Creating a collection


COLLECTION_NAME = "dense_filter_demo"
try:
    client.delete_collection(COLLECTION_NAME)
except Exception:
    pass
 
client.create_collection(
    name=COLLECTION_NAME,
    fields=[
        {
            "name": "embedding",
            "type": "vector",
            "params": {"dimension": 384, "space_type": "cosine", "precision": "float32"},
        },
    ],
)
collection = client.get_collection(COLLECTION_NAME)
print(f"Collection '{COLLECTION_NAME}' ready")

Loading the embedding model

all-MiniLM-L6-v2 converts text into 384-dimensional vectors. Load it once and reuse for both indexing and querying.


dense_model = SentenceTransformer("all-MiniLM-L6-v2")

Preparing the dataset

16 research articles across four categories. Each document has five metadata fields used as filter dimensions: category, year, rating, author, and premium.

Every field you want to filter on must be declared in the filter dict at upsert time. Fields missing from filter cannot be queried later.


DOCUMENTS = [
    # tech
    {"id": "doc_01", "text": "Neural networks are revolutionising image recognition and computer vision tasks",
     "meta": {"title": "Neural Nets & Vision",  "category": "tech", "year": 2023, "rating": 4.5, "author": "alice", "premium": True}},
    {"id": "doc_02", "text": "Quantum computing promises exponential speedup for optimisation and cryptography",
     "meta": {"title": "Quantum Computing",     "category": "tech", "year": 2024, "rating": 4.8, "author": "alice", "premium": True}},
    # ...more documents
]
 
print(f"{len(DOCUMENTS)} documents ready")

Upserting objects

For each document, encode the text and build an object with separate dicts:

meta - returned with results, not searchable
filter - declares every field available for filtering at query time
fields - contains the vector data for each field


objects = []
 
for doc in DOCUMENTS:
    vec = dense_model.encode(doc["text"]).tolist()
    m   = doc["meta"]
    objects.append({
        "id":     doc["id"],
        "meta":   m,
        "filter": {
            "category": m["category"],
            "year":     m["year"],
            "rating":   m["rating"],
            "author":   m["author"],
            "premium":  m["premium"],
        },
        "fields": {
            "embedding": vec,
        },
    })
 
collection.upsert(objects)
print(f"{len(objects)} documents indexed")

Setting up queries

All queries use the same text. The show_results helper prints rank, score, and metadata.

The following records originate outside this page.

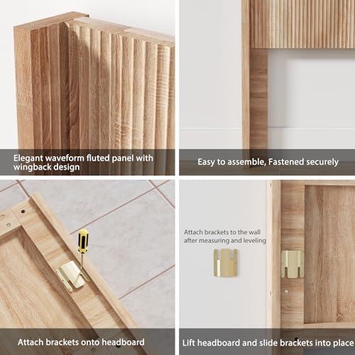King Size Fluted Headboard ONLY – Wall Mount Wood Headboard, Rustic & Modern Farmhouse,Boho,Fluted Panel,Wingback Design (Oak, King)
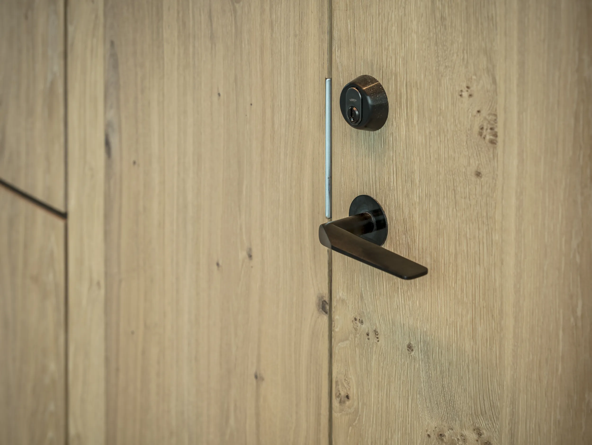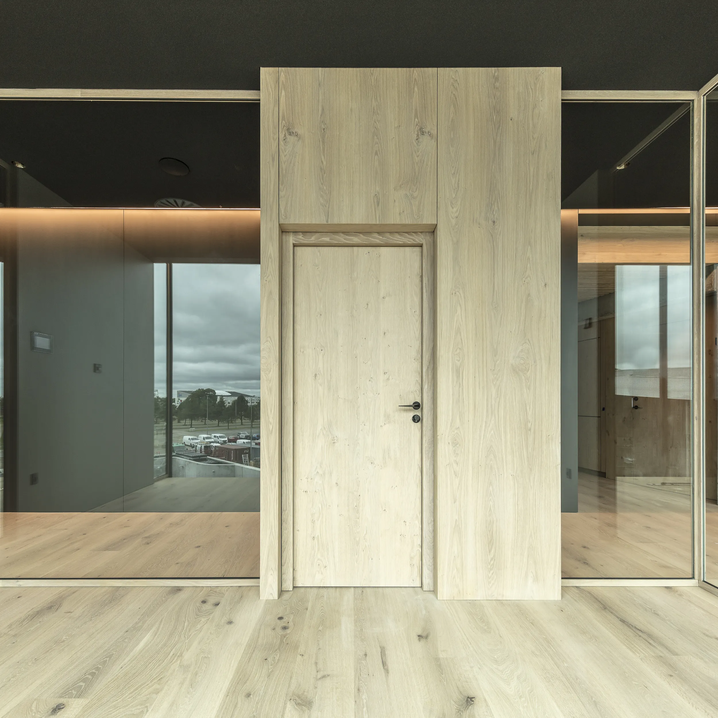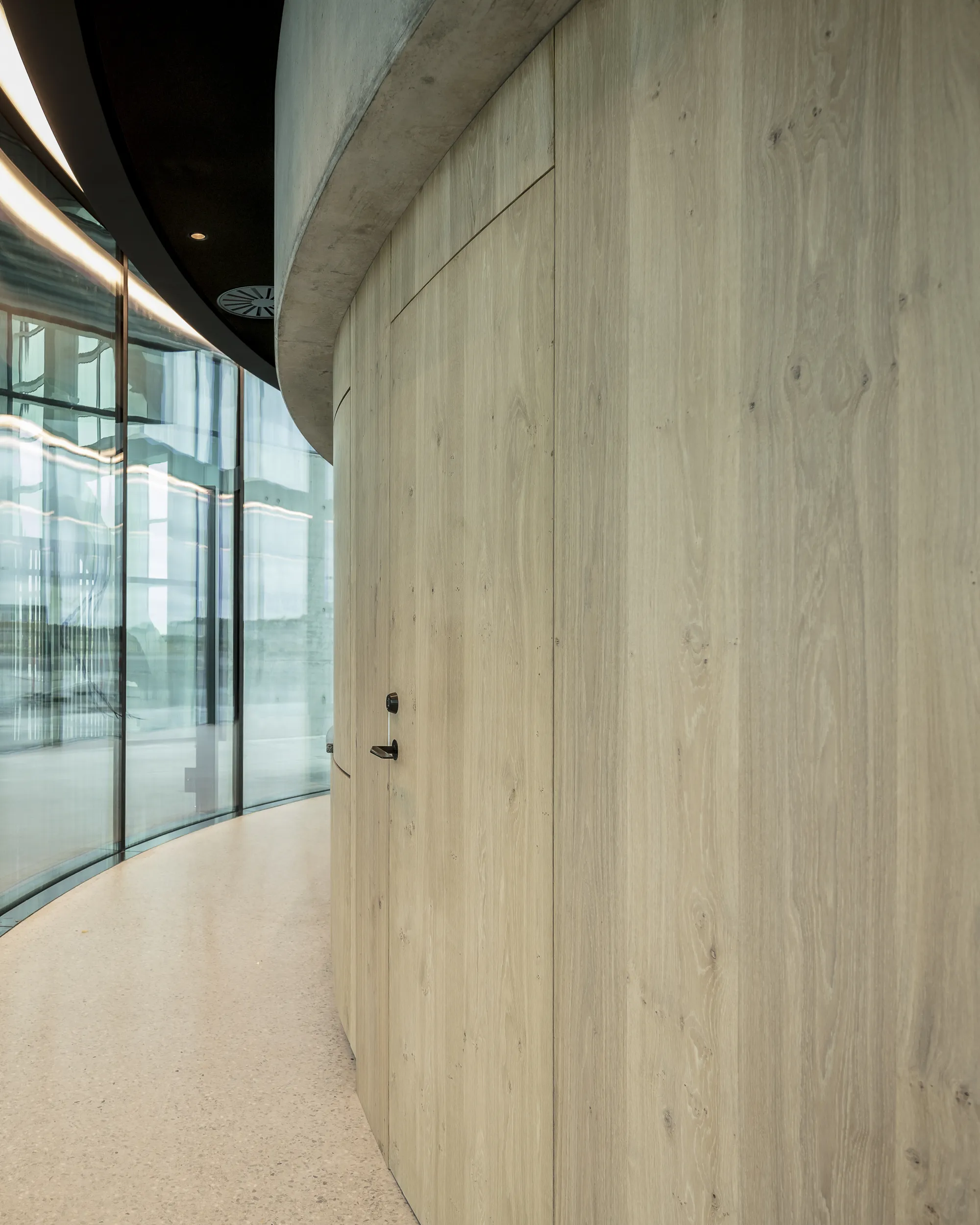 Buede branddøre fuldt integreret i panelvæg i egetræ
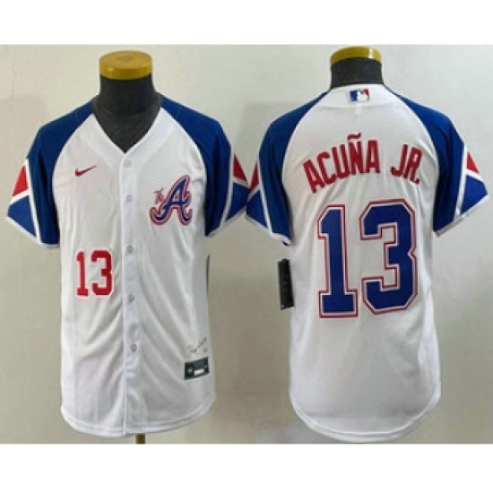 Youth Atlanta Braves #13 Ronald Acuna Jr Number White 2023 City Connect Cool Base Stitched Jersey2

QUERY     = "AI applications in healthcare and medicine"
query_vec = dense_model.encode(QUERY).tolist()
LIMIT     = 5
 
def show_results(results, label=""):
    if label:
        print(f"Filter: {label}")
    for rank, r in enumerate(results, 1):
        m = r["meta"]
        print(f"  {rank}. score={r['similarity']:.4f}  [{m['category']}]  {m['title']}  ({m['author']}, {m['year']}, rating={m['rating']}, premium={m['premium']})")
    print()

Baseline search (no filter)

Search all documents to see what the dense model considers relevant before any filtering.


results = collection.search(
    fields={"embedding": {"query": query_vec, "limit": LIMIT}},
)
show_results(results["results"]["embedding"], label="none - all documents are candidates")

$eq - Exact match

Restrict to documents where a field exactly equals a given value:


results = collection.search(
    fields={"embedding": {"query": query_vec, "limit": LIMIT}},
    filter=[{"category": {"$eq": "health"}}],
)
show_results(results["results"]["embedding"], label='category == "health"  (4 candidates)')

$range - Numeric range

Takes a two-value list [start, end] - both ends inclusive. Works on any numeric field.


results = collection.search(
    fields={"embedding": {"query": query_vec, "limit": LIMIT}},
    filter=[{"year": {"$range": [2022, 2024]}}],
)
show_results(results["results"]["embedding"], label="year in [2022, 2024]  (13 candidates)")

$in - Match any value from a list

OR within a single field. A document passes if its value matches any item in the list.


results = collection.search(
    fields={"embedding": {"query": query_vec, "limit": LIMIT}},
    filter=[{"category": {"$in": ["health", "science"]}}],
)
show_results(results["results"]["embedding"], label='category in ["health", "science"]  (8 candidates)')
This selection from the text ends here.